BeeOND was designed to integrate with cluster batch systems to create temporary parallel file system instances on a perjob basis on the internal SSDs of compute nodes, which are part of a compute job. Such BeeOND instances do not only provide a very fast and easy to use temporary buffer, but also can keep a lot of I/O load for temporary or random access files away from the global cluster storage.
BeeGFS storage servers are typically used with an underlying RAID to transparently handle disk errors. Using BeeGFS with shared storage is also possible to handle server failures. The built-in BeeGFS Buddy Mirroring approach goes even one step further by tolerating the loss of complete servers including all data on their RAID volumes - and that with commodity servers and shared-nothing hardware.
The built-in BeeGFS Buddy Mirroring automatically replicates data, handles storage server failures transparently for running applications and provides automatic self-healing when a server comes back online, efficiently resyncing only the files that have changed while the machine was offline.
BeeGFSv7: Newest features
Free space balancing when adding new hardware
Metadata event logging enhancement
Kernel 4.14, 4.15 support
NIC handling during startup
We already talked about the BeeGFS key aspects scalability, flexibility and usability and what‘s behind them.

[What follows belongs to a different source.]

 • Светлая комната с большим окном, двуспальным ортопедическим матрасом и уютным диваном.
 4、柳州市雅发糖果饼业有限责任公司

But there are way more features in BeeGFS:
Runs on various platforms, such as x86, OpenPOWER, ARM, Xeon Phi and more
Re-export through Samba or NFSv4 possible
Support for user/group quota and ACLs
Fair I/O option on user level to prevent a single user with multiple requests from stalling requests of other users
Automatic network failover, e.g. if InfiniBand is down, BeeGFS automatically switches to Ethernet and back later
Online file system sanity check that can analyze and repair while the system is in use
Built-in benchmarking tools to help with optimal tuning for specific hardware and evaluate hardware capabilities
Support for cloud deployment on e.g. Amazon EC2 or Microsoft Azure
Happy Users World-Wide
BeeGFS is widely popular among universities and the global research community, powering some of the fastest supercomputers in the world to help scientists analyze large amounts of data efficiently every day.

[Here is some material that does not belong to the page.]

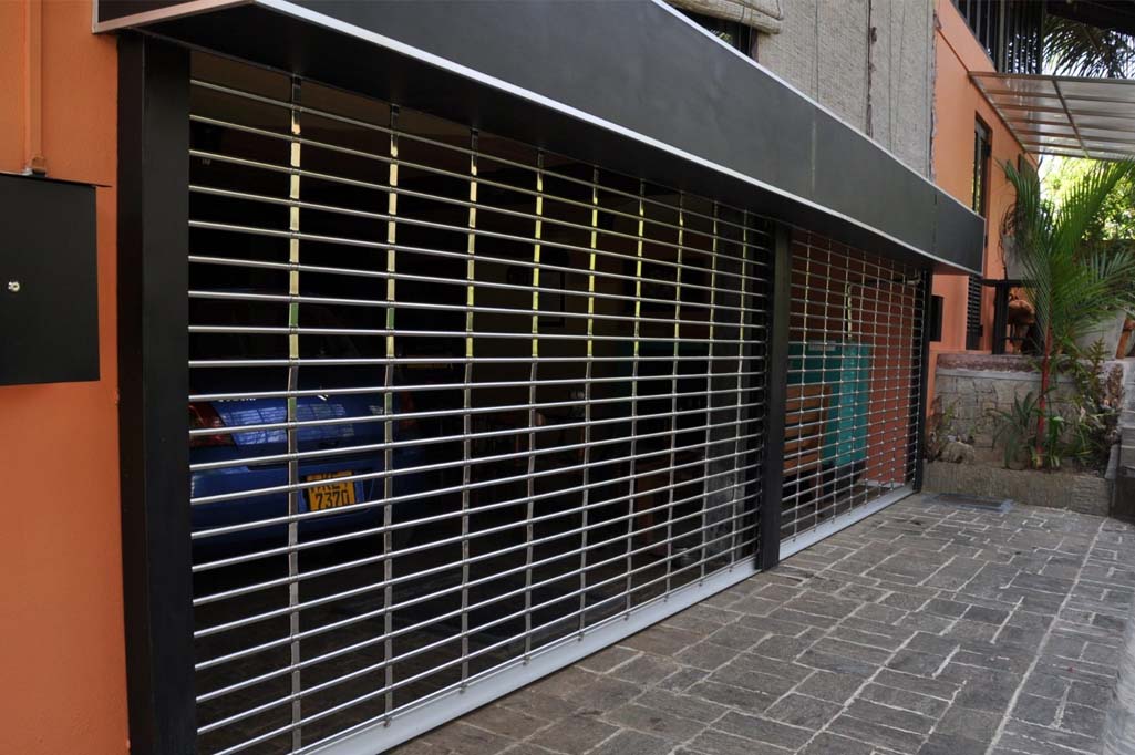 Grill and automatic rolling shutters are ideal for commercial spaces requiring visibility and security.

BeeGFS is the parallel file system of choice in life sciences. The fast growing amount of genomics data to store and analyze quickly in fields like Precision Medicine make BeeGFS the first choice for our customers.
Finance, Oil & Gas, Media, Automotive, ...
BeeGFS is used in many different industries all around the globe to provide fast access to storage systems of all kinds and sizes, from small scale up to enterprise-class systems with thousands of hosts.